Your existing ceiling can will need to have an E26 screw-in base; these retrofit cans aren’t compatible with fluorescent fixtures.
You can install and configure the downlights in Cree’s mobile app one at a time, or you can install all of them at once and then configure each light individually. The downlights have both Bluetooth and Wi-Fi radios onboard, and the first step after physical installation is to pair the cans to the app via Bluetooth. The app will display all the cans it finds.

This follow-the-sun mode is just one of many ways you can automate the Cree Connected Max Retrofit Downlights.
Tapping on one of the icons in the app will select that can for further configuration, and this will cause the relevant can to slowly flash on and off, so you know which one you’re working with. The Cree app will display the Wi-Fi network your phone is connected to and then connect the can to that network. You can give the can a unique name at this point.
Note, however, that Cree Connected Max products can connect only to 2.4GHz networks. If you have a dual-band router that uses the same SSID for both networks, you might need to either turn its 5GHz network off temporarily or give the two networks different SSIDs. I used the former technique with a Linksys Velop mesh network installed at the home and the installation proceed without a hitch from there.
Once the cans are installed and added to your Wi-Fi network, you can control them individually or arrange them into groups and control all the lights in the group simultaneously. You can also define a home, rooms within the home, and assign lights or light groups to those rooms.
Programmability options
Cree’s app has a robust collection of programming options, including a follow-the-sun setting that will adjust the LEDs’ white color temperature in accordance with the position of the sun. The LEDs will slowly brighten with an energizingly cool light in the morning, slowly shift to a warmer relaxing hue as the sun moves across the sky, and then dim and turn off when it’s time for bed. This feature can be fine tuned for each day of the week, and the cans can be programmed to behave differently on the days you work and the days you’re off. While controlling multiple cans at once, I noticed very little lag—they all changed in close sync to each other.
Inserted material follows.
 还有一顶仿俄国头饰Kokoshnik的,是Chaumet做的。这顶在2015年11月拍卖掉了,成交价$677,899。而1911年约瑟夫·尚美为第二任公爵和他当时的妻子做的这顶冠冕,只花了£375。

You can also create other types of schedules as well as create custom lighting scenes or use predefined ones (“Relax,” “Night Light,” and “Fireplace” are the among available presets). You can sync the lights to music, too, but this last feature is the weakest since it depends on your smartphone’s microphone to listen to the beat.
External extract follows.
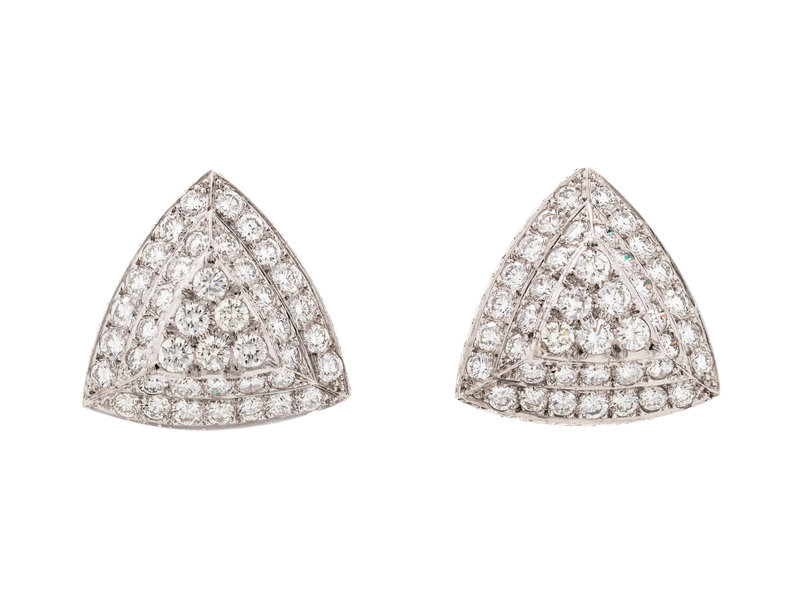 Containing 150 round brilliant cut diamonds weighing approximately 6.50 carats total. Mounted in platinum with white gold clip backs.
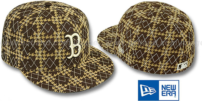 'Authentic' and Original 5950 fitted hat by New Era, brown wool blend crown and visor, fuzzy felt 'A-TOOTH Flocking' All-Over Crown and visor in wheat, brown undervisor, light tan Argyle stitching throughout crown and visor, light tan raised embroidered team logo on front, matching MLB logo on back. This Boston Red Sox hat is made by New Era and is licensed by the MLB - Major League Baseball.

Cree Connected Max Retrofit Downlight: A great value
You could install smart LED bulbs in your ceiling cans and call it a day, but they won’t make the cans themselves look any more attractive. Cree Connected Max Retrofit Downlights don’t cost much more than smart bulbs, and they’ll look prettier in your ceiling to boot. Apart from not supporting HomeKit, these cans are broadly compatible with other smart home ecosystems, and the Cree Connected app is reliable and easy to use. Even more importantly, these LEDs produce high-quality color and tunable white light that can be dimmed over a very wide range.